Der Ukraine-Konflikt beschäftigt weiter das Institut der Wirtschaftsprüfer (IDW), den Berufsstand sowie eine Vielzahl von Rechnungslegern. In Teil I der Beitragsreihe wurden bisher die Auswirkungen des Krieges auf Jahres- und Konzernabschlüsse mit Stichtagen bis zum 23.02.2022 erörtert. Hierzu ist anzumerken, dass sich die wirtschaftlichen und sozialen Folgen des Krieges grundsätzlich nicht in der Vermögens-, Finanz- und Ertragslage von diesen Gesellschaften niederschlagen. Das Ereignis wurde als wertbegründend eingeordnet, daher ergeben sich allenfalls diverse Berichtspflichten in Anhang und Lagebericht. Davon losgelöst ist die Einschätzung zur Fortführung der Geschäftstätigkeit.

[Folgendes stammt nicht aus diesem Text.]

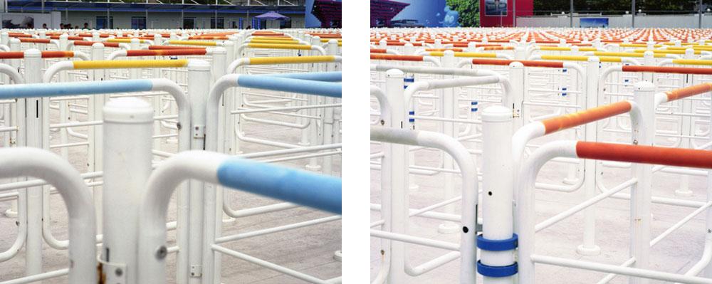On l’a vu avec les deux néons de Cube qui mettent le regardeur et le photographe dans des positions symétriques, la galerie, le musée ou l’espace d’exposition sont des lieux où l’expérience du spectateur sera activée, et donc où elle pourra toucher, en actes, à une réflexion critique. Pascal Poulain pense constamment « exposition ». Au moment de ses recherches préliminaires, lorsqu’il choisit les lieux où il va aller, et sur internet en observant les villes évoluer grâce aux webcams qui « exposent » les chantiers de construction du monde entier. Au moment de la prise de vue. Au retour de ses voyages en uploadant ses photographies sur son site pascalpoulain.com qu’il assimile à son laboratoire. Et en créant les corpus livrés régulièrement à Documents d’artistes : « Je revisite tout le temps la chronologie de mon travail, d’une certaine manière je la reconsidère pour corriger ma production, par association, par déploiement, par déplacement. (…) À partir de 2010, il y a dans mon travail une sorte de réconciliation entre la pratique de la photographie et celle des dispositifs conçus pour l’exposition6 ». Que reste-t-il à l’artiste à une époque où tout fait image et où des photographies sont shootées partout et par tout le monde ? Dans cette situation enivrante, Pascal Poulain pense qu’il reste à l’artiste la pratique de l’espace. Car il s’agit de rendre malléable, transformable « ré architecturable » l’espace organisé des choses et donc des omniprésentes images-dispositifs. En ne s’y soumettant pas, en faisant un pas de côté, il adopte une attitude qui conditionne ses photographies à être montrées dans les espaces « réorganisés » eux aussi. Afin de pouvoir voir ses photographies, les corps vont devoir s’activer. L’expérience de ses photographies est ancrée dans une performativité réciproque des corps : le sien, les nôtres.

Offengeblieben ist jedoch, welche Implikationen sich für Abschlüsse (Jahres- und Konzernabschlüsse) nach dem 23. Februar 2022 - d.h. nach Kriegsausbruch - ergeben. Auch hierzu enthält der fachliche Hinweis des IDW Ausführungen (aktuell im 2. Update), auf die Teil II der Beitragsreihe eingeht.

Implikationen für handelsrechtliche Jahres- und Konzernabschlüsse

Konsolidierungswahlrechte für Tochterunternehmen

Nach § 296 Abs. 1 Nr. 1 HGB könnte sich aufgrund des Kriegsgeschehens ein Wahlrecht, betreffend den Einbezug von russischen, ukrainischen oder belarussischen Tochterunternehmen per Vollkonsolidierung in den Konzernabschluss, ergeben. Dies setzt voraus, dass erhebliche und andauernde Beschränkungen der Rechte des Mutterunternehmens in Bezug auf das Vermögen oder die Geschäftsführung des Tochterunternehmens bestehen. Hierunter fallen insbesondere Beeinträchtigungen, die politisch oder wirtschaftlich bedingt sind. Ausschlaggebend ist, dass Beschränkungen zum einen sachlich substanziell, zum anderen zeitlich nachhaltig sein müssen. Der Ukraine-Konflikt kann diese beiden Kriterien unter Umständen kumulativ erfüllen; eine endgültige Bewertung ist jedoch einzelfallbezogen durchzuführen.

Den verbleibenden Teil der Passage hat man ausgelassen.